Exhuma: Is the Movie Inspired by Real Events?

A Jang Jae-hyun directorial, ‘Exhuma,’ or ‘Pamyo,’ weaves a tale of shamanism and supernatural horror in rural South Korea. Shaman Hwa-rim and Bong-gil are hired by a rich family to dispel a curse haunting them. Visiting the family’s home in the hills, the shamans ascertain that an angered ancestor is behind the curse and must be exhumed and buried elsewhere to be appeased. The sinister energy of the ancestor prompts Hwa-rim to involve Sang-deok, a Feng Shui master and undertaker Yeong-geu, to assist in the ritual exhumation.

However, an ill omen casts a shadow over the ritual, and rain prevents the family’s plans for the coffin’s cremation. When seeming grave robbers open the casket at night, they unleash a sepulchral horror upon them all. The film’s depiction of intricate shamanistic rituals, folklore, and South Korean history prompts us to dig deeper into its inspirations and origins.

Exhuma Combines Folklore with South Korean History to Personify Its Horrors

Jang Jae-hyun wrote ‘Exhuma,’ inspired by witnessing a grave exhumation and the shamanistic practices associated with it. The exhumation ritual is often done to remedy the wounds of the past, reminding Jae-hyun of the now-buried wounds suffered by South Korea as a nation. Thus, the film was developed with the dual narratives of the characters’ story of a family curse and the historical storyline involving Japan’s residual curse on South Korea. Also featured prominently in the film are the concepts of shamanism, Feng Shui, and urban legends, which were extensively studied by the writer-director as he penned the script.

Jae-hyun had initially been fascinated with the exhumation process as a child. When he happened to witness it by chance in later years, he was struck with the idea of building a haunting story around it. This led him down the path of extensive research, consulting real-life morticians, shamans, and Feng Shui masters while observing more than 15 exhumations. The idea of combining the exhumation storyline with national history came to him with a shocking event taking place during his study.

“One day, an undertaker (I was consulting for the film) called me in the early morning and I followed him to an exhumation site in a hurry because an immediate family member of the dead had a stroke. Surprisingly, there was a leak in the drainage and the coffin had water inside. So they performed the cremation with a torch on the spot,” he said in an interview. “That day, I could feel that the sentiment behind the ritual of ‘pay’ is about pulling out the past and removing it. If we consider our country’s land as a ‘person,’ it is a victim that has suffered many wounds. So, I thought we should ‘pamyo’ that.”

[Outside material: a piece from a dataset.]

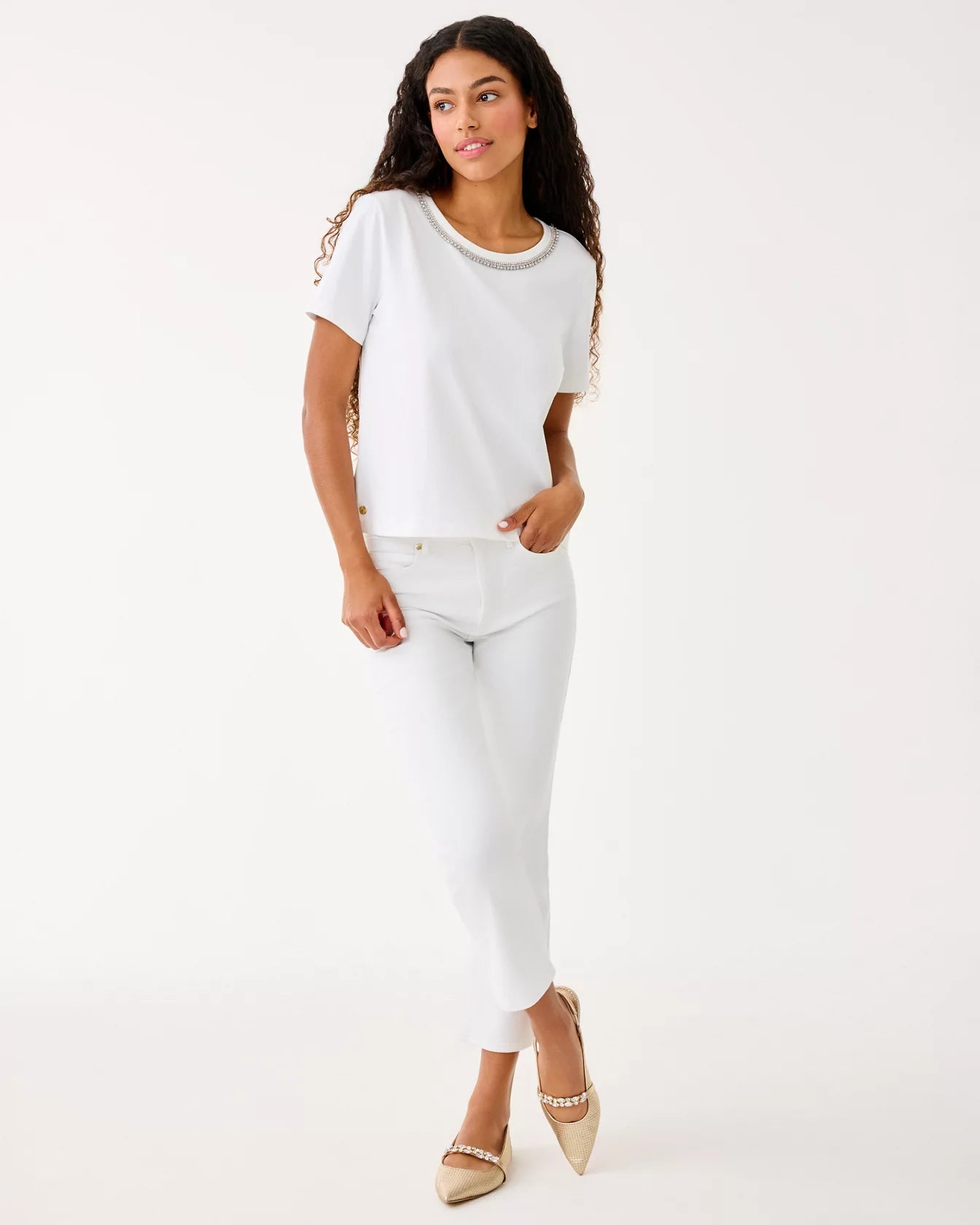 - Straight fit top with short sleeves and an embellished crew neckline.

Pamyo is the South Korean word for exhumation, with Jae-hyun referencing the country’s occupation under Imperial Japan as one of the major wounds. Wishing to exhume such events and make them concepts driving his narrative, the writer-director dug deeper and came across a fascinating urban legend. During the early and mid-19th century, the Korean population prominently believed in the practices of Feng Shui or Pungsu-jiri. These involved consulting experts and traditions regarding the positioning of the houses, furniture, temples, graves, etc., to maintain harmony and bring good fortune. The associated practices of Feng Shui are profoundly intricate and overlap with shamanism and Taoism.

Image Credit: San-Shin

During the Japanese occupation between 1910 and 1945, the imperialist rulers were against such practices. A theory began to emerge that alleged that the Japanese had hammered iron rods along the country’s sacred mountain ranges, disrupting the flow of energies to their land. The urban legend came alive when a private mountain climbing club went on an expedition to Mount Bukhan, looking for the rods and discovered 27 of them in the early 1980s. While some argued that they had likely been placed in the mountains to mark a path, the news fanned the flames of long-held suspicions. 15 of the rods were donated to the Independence Hall of Korea.

In the film, the Japanese Samurai ghoul is shown buried with an iron sword in his body, acting like a large Feng Shui-disrupting iron rod himself. It is in order to keep his existence a secret that the Monk Kitsune advocated for the family’s ancestor to be buried on top of the Japanese relic. Additionally, the ancestor had been a traitor to his fellow citizens, siding with the Japanese for wealth. This is also in line with historical turncoats resented by the population for siding with Imperial Japan.

Thus, the first monster faced by the shamans is symbolic of the betrayal of their own people, and the second is a ghoul Samurai general who had killed 10,000 Koreans, an on-the-nose depiction of Imperial Japanese. Jang Jae-hyun channels the historical anger in South Korea against their oppressors and traitors into a subterranean narrative in ‘Exhuma.’ The writer-director carried out extensive research into the subject matter, practically witnessing and learning about the shamanistic rituals and Feng Shui. He combined this knowledge of folklore with traumatic elements of national history and blended it into a compelling horror thriller featuring traditional rituals, geomancy, and family intrigue.